WORK INSTRUCTIONS:
Copy out exactly the lines beginning with the one that contains "No dia 14 de" and ending at the last line of the listing, skipping any pictures.

STORED DATA:
--*--

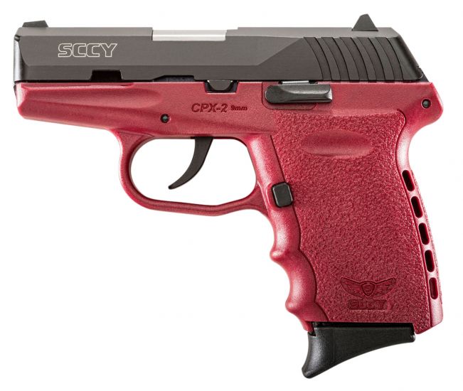 SCCYs CPX-2 is designed for concealed carry but large enough to get a good firm grip. It is considered to be one of the best priced, precision made Pocket Pistols on the market. Chambered for 9mm, it has a 3.1 barrel with a 16:1 right hand twist. The receiver is made from 7075 T6 aircraft grade heat treated aluminum alloy. The Zytel polymer frame features ergonomic finger grooves and an integral recoil cushion on the backstrap. The slide is machined from stainless steel with a Zytel overmolded polymer extension for ease of operation. It has 3-dot sights with a windage-adjustable rear. This DAO has an internal hammer with inertial firing pin to prevent accidental discharge. It has a smooth, consistent 9-pound trigger pull. It comes with two 10-round magazines with finger extensions bases installed and two flat magazine bases. This CPX-2 has a black nitride slide with a crimson frame.
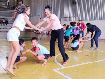 No dia 14 de julho (segunda), a obra recebeu a meninada de 7 a 10 anos e no dia 15 (terça), a galera mais adolescente, de 11 a 15 anos. Foram dois dias de atividades lúdicas e de fortalecimento da convivência em grupo. As educadoras Tamires Vieira e Camila Lima Silva foram as responsáveis de elencar as atividades em grupo e trouxeram propostas bem sucedidas.
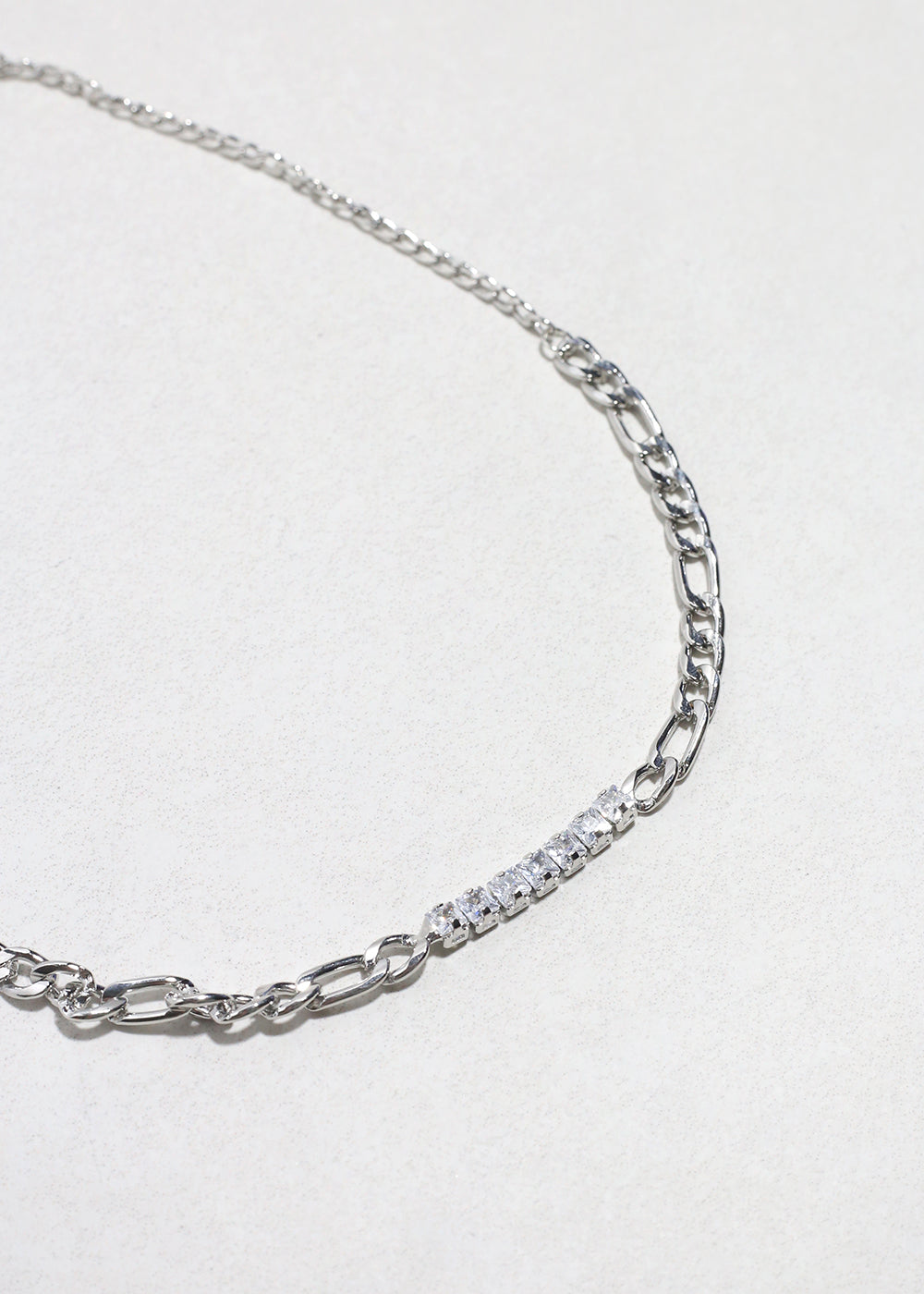 Silver Linked Chain Necklace with Crystal Bar Accent
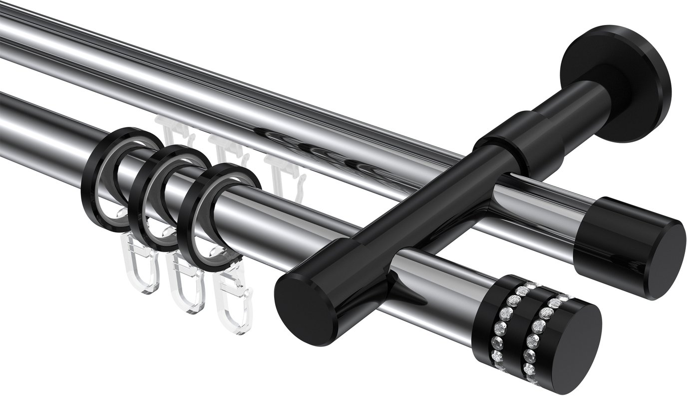 Rundrohr-Innenlauf Gardinenstangen aus Aluminium / Metall in 20 mm Ø, 2-läufig, Modell PRESTIGE - Estana Chrom / Schwarz

--*--

OUTPUT:
 No dia 14 de julho (segunda), a obra recebeu a meninada de 7 a 10 anos e no dia 15 (terça), a galera mais adolescente, de 11 a 15 anos. Foram dois dias de atividades lúdicas e de fortalecimento da convivência em grupo. As educadoras Tamires Vieira e Camila Lima Silva foram as responsáveis de elencar as atividades em grupo e trouxeram propostas bem sucedidas.
 Silver Linked Chain Necklace with Crystal Bar Accent
 Rundrohr-Innenlauf Gardinenstangen aus Aluminium / Metall in 20 mm Ø, 2-läufig, Modell PRESTIGE - Estana Chrom / Schwarz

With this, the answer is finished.